[Records drawn from a dataset]
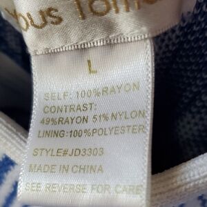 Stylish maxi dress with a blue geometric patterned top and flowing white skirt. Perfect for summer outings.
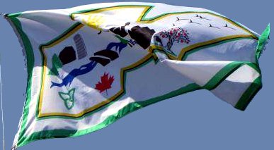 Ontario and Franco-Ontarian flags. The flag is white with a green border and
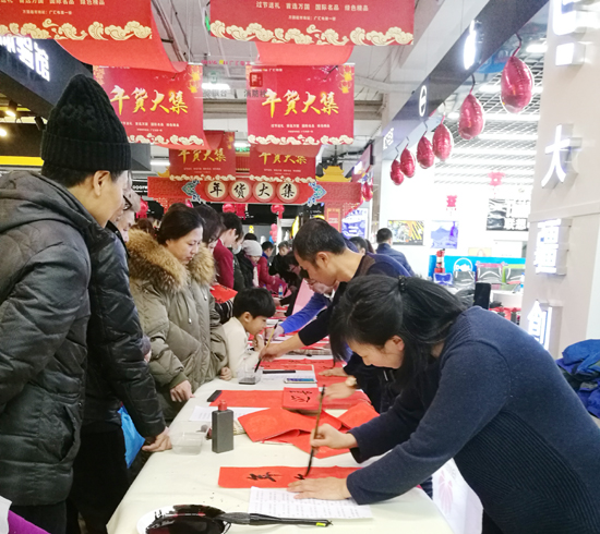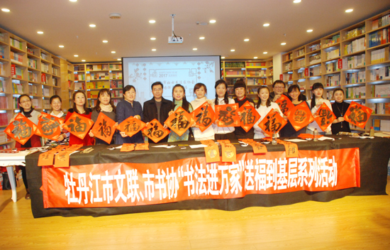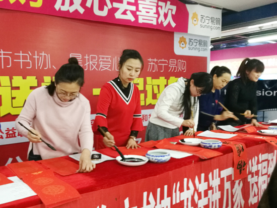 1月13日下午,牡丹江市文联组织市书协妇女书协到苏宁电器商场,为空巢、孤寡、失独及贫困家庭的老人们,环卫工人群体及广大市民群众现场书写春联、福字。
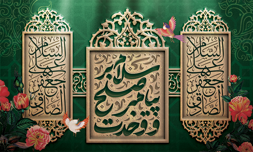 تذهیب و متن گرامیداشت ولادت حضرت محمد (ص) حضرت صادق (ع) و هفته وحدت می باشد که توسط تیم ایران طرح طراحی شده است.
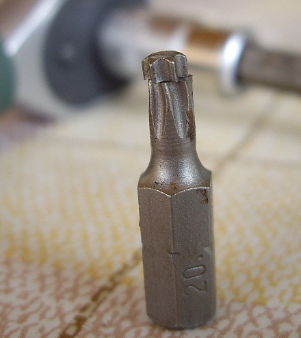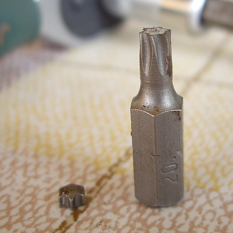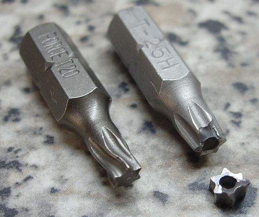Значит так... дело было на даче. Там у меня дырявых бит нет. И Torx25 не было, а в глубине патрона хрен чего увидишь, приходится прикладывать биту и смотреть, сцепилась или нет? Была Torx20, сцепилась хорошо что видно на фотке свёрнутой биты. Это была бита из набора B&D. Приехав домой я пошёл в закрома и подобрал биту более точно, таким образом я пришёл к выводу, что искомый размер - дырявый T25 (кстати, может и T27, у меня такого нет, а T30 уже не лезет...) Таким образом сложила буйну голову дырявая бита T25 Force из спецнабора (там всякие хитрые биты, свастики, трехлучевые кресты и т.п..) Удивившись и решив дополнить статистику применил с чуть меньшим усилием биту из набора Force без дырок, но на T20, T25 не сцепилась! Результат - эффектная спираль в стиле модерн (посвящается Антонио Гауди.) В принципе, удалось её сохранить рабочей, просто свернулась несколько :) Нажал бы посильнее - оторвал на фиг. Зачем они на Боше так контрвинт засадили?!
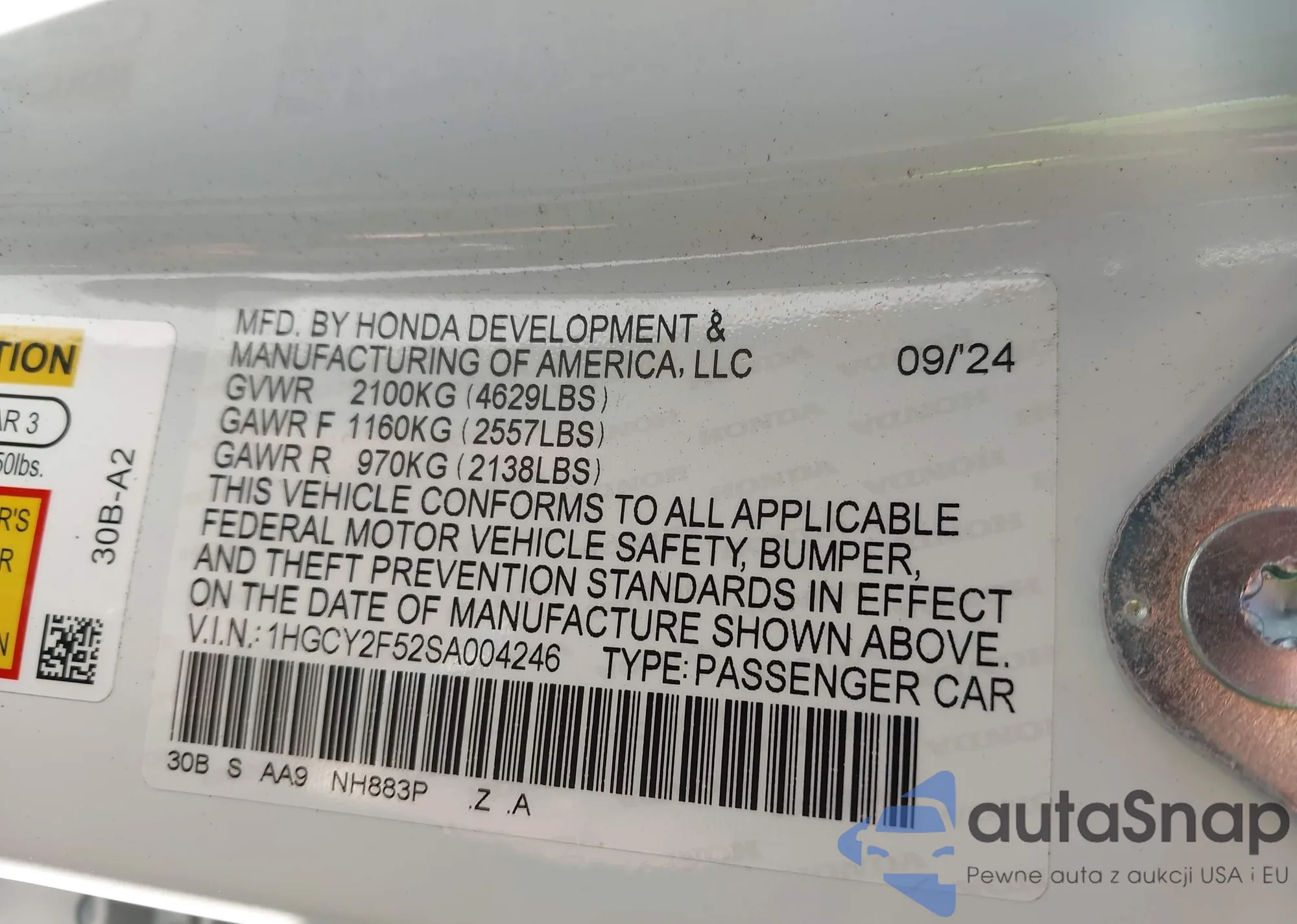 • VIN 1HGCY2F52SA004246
* * *
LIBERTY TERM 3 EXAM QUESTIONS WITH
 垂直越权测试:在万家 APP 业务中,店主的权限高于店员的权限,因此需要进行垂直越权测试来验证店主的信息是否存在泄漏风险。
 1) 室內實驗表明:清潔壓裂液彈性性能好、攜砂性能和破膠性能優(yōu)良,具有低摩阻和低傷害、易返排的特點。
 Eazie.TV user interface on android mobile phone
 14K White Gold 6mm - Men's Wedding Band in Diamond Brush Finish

■ Exercise:
Starting at the line that contains "LIBERTY TERM 3 EXAM QUESTIONS WITH" and stopping after the line that contains "14K White Gold", write out every line exactly as it appears above, and no other line.

■ Result of this exercise:
LIBERTY TERM 3 EXAM QUESTIONS WITH
 垂直越权测试:在万家 APP 业务中,店主的权限高于店员的权限,因此需要进行垂直越权测试来验证店主的信息是否存在泄漏风险。
 1) 室內實驗表明:清潔壓裂液彈性性能好、攜砂性能和破膠性能優(yōu)良,具有低摩阻和低傷害、易返排的特點。
 Eazie.TV user interface on android mobile phone
 14K White Gold 6mm - Men's Wedding Band in Diamond Brush Finish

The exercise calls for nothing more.